We had a very interesting and entertaining session with five founders of TechStars companies.  All have received venture funding and are enjoying positive momentum in their business.  The session was a great opportunity for us, as VC’s, to get direct customer feedback from Entrepreneurs. What do we do that is counter productive, how can we be of more help, how can we position ourselves to be a better partner to Entrepreneurs.  I have noted some of the key bullets from the session below.  Much of it may seem pretty obvious, but I guess if VC’s always delivered on these points then they wouldn’t have bothered to mention them.

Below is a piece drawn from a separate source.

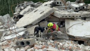 „… v rytmu diska, z dálky, z blízka, i v náručí, to všechno byly holky z naší školky nejlepší…“, takto by se dal parafrázovat prodloužený tréninkový víkend na sutině u našich přátel z Jednostki Ratownictva Specjalisticznego OSP Skarbimierz. Naši chlupatí kluci a holky (z naší školky) opravdu štěkali z dálky i z blízka a z některých úkrytů se skutečně vynášeli v náručí. Bez ohledu na rozmary počasí, které si s námi skutečně pěkně pohrálo – vedro a prašno, pak zase silný vítr, prudké ochlazení i pár dešťových kapek, to byl na 100 procent využitý čas při tréninku hledání v sutině, na stopách i při nácviku poslušnosti. A večer samozřejmě zbyl čas i na chvilku u ohně a špekáčků.
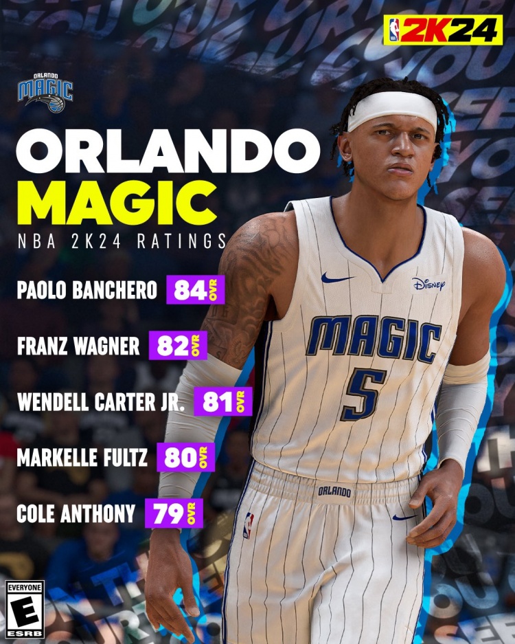 9月8日讯 今天,魔术官方社媒公布了队内部分球员在2K24中的能力值。

If you have a minute, take a look at their feedback and then I would like to open the discussion up to you.  What do you look for in a VC?  What is most important to you and your business? How do we better serve your needs for building a successful company? We always encourage our companies to reach out to their customers to better understand their needs.  It is important for us to do it, as well.

For VC’s:

  • Most of the VC’s that I know strive to do this, but the point was made that, we need to bring more to the party than money.  Entrepreneurs want to work with people who believe in them and who are going to work hard to help make the company successful.   There are lots of different ways to add value - try to find them and deliver results.  Investors need to think of themselves as part of the team and realize that they work for the company — not the other way around.
  • Don’t take meetings with entrepreneurs when you know you are not going to invest.   It is pretty frustrating for an entrepreneur spend time with you and then at the end have you say something like “Well that is really interesting and you have done a nice job, but we don’t invest in that space.” These guys are busy trying to build a company. If you know up front that the answer is going to be no, don’t waste their time, or yours. Or, if you know you are not going to invest, but would like to be helpful, let them know that before the meeting. Then it is their call.
  • Don’t give the entrepreneur a moving target.  VC’s often tell entrepreneurs that the business looks interesting, but they would like to see the company achieve a certain set of milestones before they will invest.  This is a legitimate request, but make sure the milestones are real and if the company achieves them, be prepared to put your money where your mouth is.  Unfortunately, this request can sometimes be used as a way of avoiding or prolonging the need to just say “no”.   Don’t keep changing the rules on the entrepreneur.
  • Post investment, try to be consistent in terms of your level of engagement with the company — both in terms of frequency and intensity.   It can be difficult for the entrepreneur to respond to, or anticipate your needs, if one week you are a raving maniac wanting to review every level of operational detail and then you turn around and go completely dark for 8 weeks.  Be consistent, transparent and predictable.
  • Every founder and every company is different.   You can’t just apply rules of thumb, or boiler plate solutions to companies you are working with.  Each has a different culture and its founders and employees may be  motivated in different ways.  It is critical to bring your experience to the table, but always try to apply it in a way that fits that company and situation.
  • Don’t under estimate that value of blogging and Twitter.  Entrepreneurs use these to get a sense of who you are, and what perspective you may bring to their business.  Helps them to understand if you are someone that they might want on their board, or not.

I want to thank the founders that shared this feedback with us: Natty Zola, Everlater;  Alex White, Next Big Sound; Isaac Saldana, SendGrid; Ari Newman, FilterBox/Jive; and Tim Wolters, RoundPegg.

Like all of our portfolio companies, we want to continuously get better at what we do.  If you have something to add, we would love to hear it.